For prevention during unavoidable rapid ascents, the dose drops to 2 mg every six hours or 4 mg every twelve hours. Research suggests dex is most effective at altitudes above 4,000 meters at total daily doses between 8 and 16 mg. Below that altitude threshold, the risks of the drug generally outweigh the benefits for prevention.

Dex Is Not a Substitute for Descent

This is the most important thing to understand about dexamethasone in the mountains: it buys time, it does not fix the problem. The only real cure for severe altitude sickness is getting to lower elevation. CDC guidelines state that anyone suspected of having HACE should begin descending immediately, using dex and supplemental oxygen to stabilize them during the trip down.

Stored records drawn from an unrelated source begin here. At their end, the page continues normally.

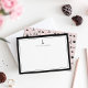Nuestras tarjetas planas de diseño de papelería personalizadas inspiradas en la moda parisina cuentan con un borde negro clásico, un minúsculo ilustracion de la torre Eiffel negro, y su nombre, monograma o elección de personalización. Las tarjetas se adaptan a nuestro modelo de París romántico, con pájaros pequeños, croissants, macarons, rosas, tazas de café y la torre Eiffel sobre un fondo rosa pálido y rosa.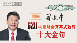 9月5日,二十國(guó)集團(tuán)(G20)領(lǐng)導(dǎo)人第11次峰會(huì)在通過了《G20領(lǐng)導(dǎo)人杭州峰會(huì)公報(bào)》后圓滿結(jié)束,習(xí)近平主席主持會(huì)議并致閉幕辭。杭州峰會(huì)共達(dá)成創(chuàng)紀(jì)錄的29項(xiàng)成果,在G20發(fā)展道路上樹立了一座中國(guó)豐碑。 詳細(xì)>>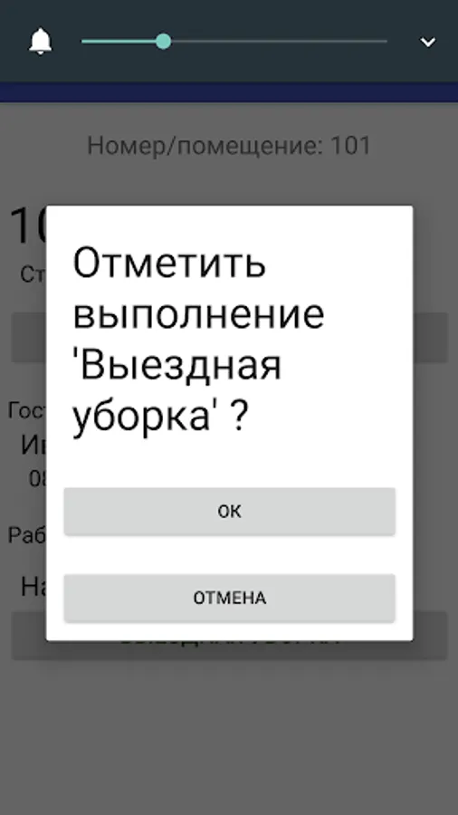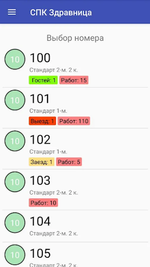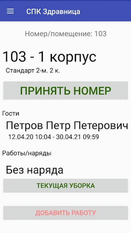 Mark the status "Number accepted" when guests check out, information on the status of the room is available at the reception.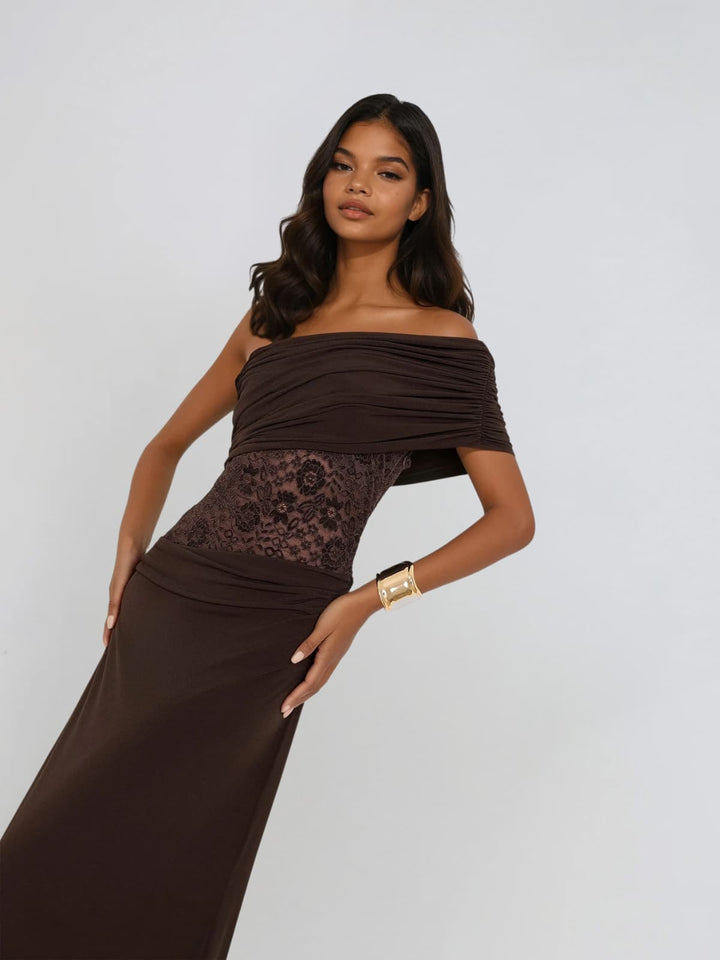 Elevate your evening elegance with the Encoda One Shoulder Ruched Lace Maxi Dress. This stunning piece features delicate lace detailing and strategic ruching that flatters your silhouette while the asymmetrical one-shoulder neckline adds modern sophistication. The flowing maxi length creates a graceful, elongated look perfect for formal events, galas, or upscale celebrations. Crafted for those who appreciate timeless style with contemporary flair, this dress transforms any occasion into a memorable moment. Make a lasting impression with refined glamour.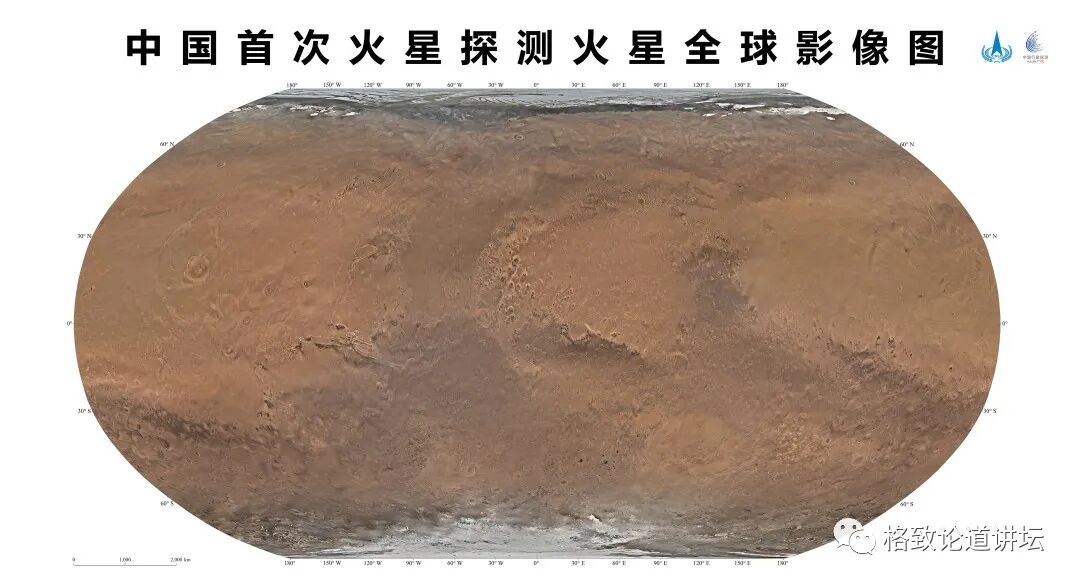 ▲ 国家航天局、中国科学院联合发布的中国首次火星探测火星全球彩色影像图

Dex becomes essential when descent is impossible, whether because of a storm, technical terrain, or nightfall. In those situations, it can keep a climber alive and functional until conditions allow evacuation. But treating the drug as a reason to stay high is a dangerous mistake.

The Rebound Problem

Stopping dex abruptly while still at altitude can trigger rebound symptoms, sometimes worse than the original sickness. The drug suppresses the body’s natural breathing response to low oxygen, so when you remove it suddenly, you lose both the drug’s protection and some of your natural defenses. The recommended approach is to taper the dose gradually or transition to acetazolamide, which supports acclimatization rather than overriding it. When tapering is done properly, rebound cerebral edema has not been recorded in clinical studies.

Courses longer than a few days also carry risk. Extended steroid use can suppress the adrenal glands, which produce the body’s own stress hormones. For a climber in a physically demanding, high-stress environment, that suppression can create its own set of problems.

Psychological Side Effects

Steroids are well known for affecting mood, and dexamethasone is no exception. Some climbers report a sense of euphoria or unusual confidence after taking it, which can feel like a benefit in the moment but may cloud judgment about whether to continue ascending. Others experience irritability, anxiety, or difficulty sleeping. These effects are typically short-lived at the doses used for altitude sickness, but they’re worth knowing about, especially in a team setting where one member’s impaired decision-making can affect everyone.

Dex and Competitive Climbing

For climbers competing in events governed by anti-doping rules, dexamethasone is on the World Anti-Doping Agency’s prohibited list. All glucocorticoids, including dex, are banned in competition when taken by mouth, injection, or rectally. Topical, inhaled, and nasal forms are permitted within normal therapeutic doses. This is relevant for competitive mountaineering events and skyrunning races where WADA rules apply, though it has no bearing on recreational expeditions.

What Should Be in Your Kit

If you’re heading above 3,000 to 4,000 meters, carrying dexamethasone is a reasonable precaution, particularly on remote routes where rapid descent may not be possible. Most expedition medical kits include it in 4 mg tablets. Acetazolamide remains the first-line drug for prevention and mild symptoms, with dex held in reserve for serious illness or emergencies. The two drugs work well together: acetazolamide supports acclimatization while dex fights acute swelling, and transitioning from dex to acetazolamide after an emergency dose helps avoid rebound symptoms.

Knowing when and how to use dex before you need it is just as important as carrying it. On guided expeditions, the team physician or lead guide typically manages the supply. On independent climbs, at least one team member should be trained in its use, ideally through a wilderness medicine course that covers altitude illness protocols in detail.